After the cremation of Mother-Earth, every creation germinates, grows, sustains, matures, dies, and produces new seeds to be regenerated again for another cycle of generation and develop into various species of orgasm. However, in the perception of the human mind, things might be different in forms, volumes, and other specifications of the respective object, but in the mythical connotation, it is a common phenomenon. The galaxy and constellations are metaphorical and equitable matter in every aspect, with rivers and mountains, animals and insects, and all other creations in the entire universe. It is not required to personify or categorise the wonder of creations, particularly the divine creation. The gigantic creations and the extraordinary human intelligence will never be surpassed by the mystery of the divine. A rendition of a folk poem or Phawar is presented with the comprehensive connotation of a Khasi rhythmic verses:
Ha pneh ka Meilisan, shibyllien hara metbneng;
Ka Meihukum ka ksan, bor Thawkur te ba thylleng.

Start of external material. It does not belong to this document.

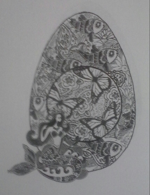 I did a good bit of masking for this--regular & mortise. Also added some pen work dots & lines to fill in blank areas. Sometimes I like doing 'busy' pieces.
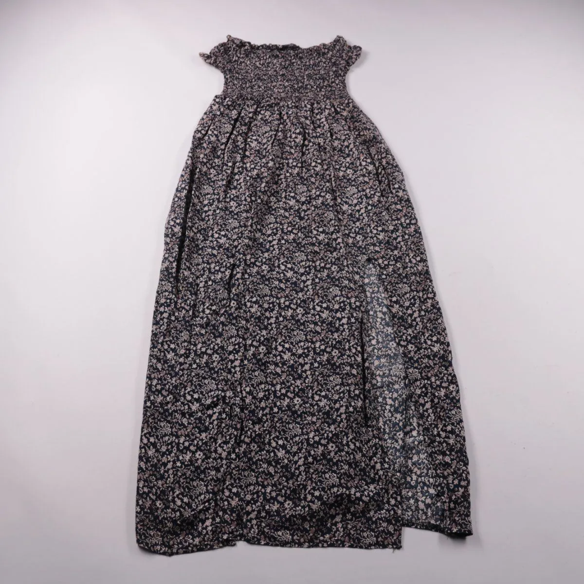 Детское платье с цветочным принтом и присборенным верхом на резинке. Подойдёт для прогулок и летних мероприятий, легко сочетается с босоножками и кедами. Мягкая ткань и свободный крой не стесняют движения.

Ka ktien ka ba la kren, ha ka por ka ba la mang;
Ha dum synñia myllen, meiramew te ba ka tmang.
Lisan ba ka thynrei, kat nang jlan ki sngi ki ïa;
Basa te la thehsei, ha ryngkew kyrsoi maïa.
Shongkha longblei la sdang, meiramew te ba ka kyan;
La kha la pun kyrpang, bor mariang te ba ka ksan.
Hawhaw la shat jingshai, la seilung sa ki jynthaw;
la man ka sngi u bnai, lyer ka um ka ding mihpaw.
Kyrhuh ha sahit bneng, la khynwin te ha ñiamra;
pyrthat ba tied shaneng, poh ramew jumai khynra.
Thynroit kynjang sahit, la jylliew mynkoi khlem trai;
ryngkew ka khriat ka shit, sha ramew te ba la snai.
Hynñiew ki bor maïa, dang kynthong te ka pyrthei;
Aiom te ki kylla, ba la mang da bor longblei.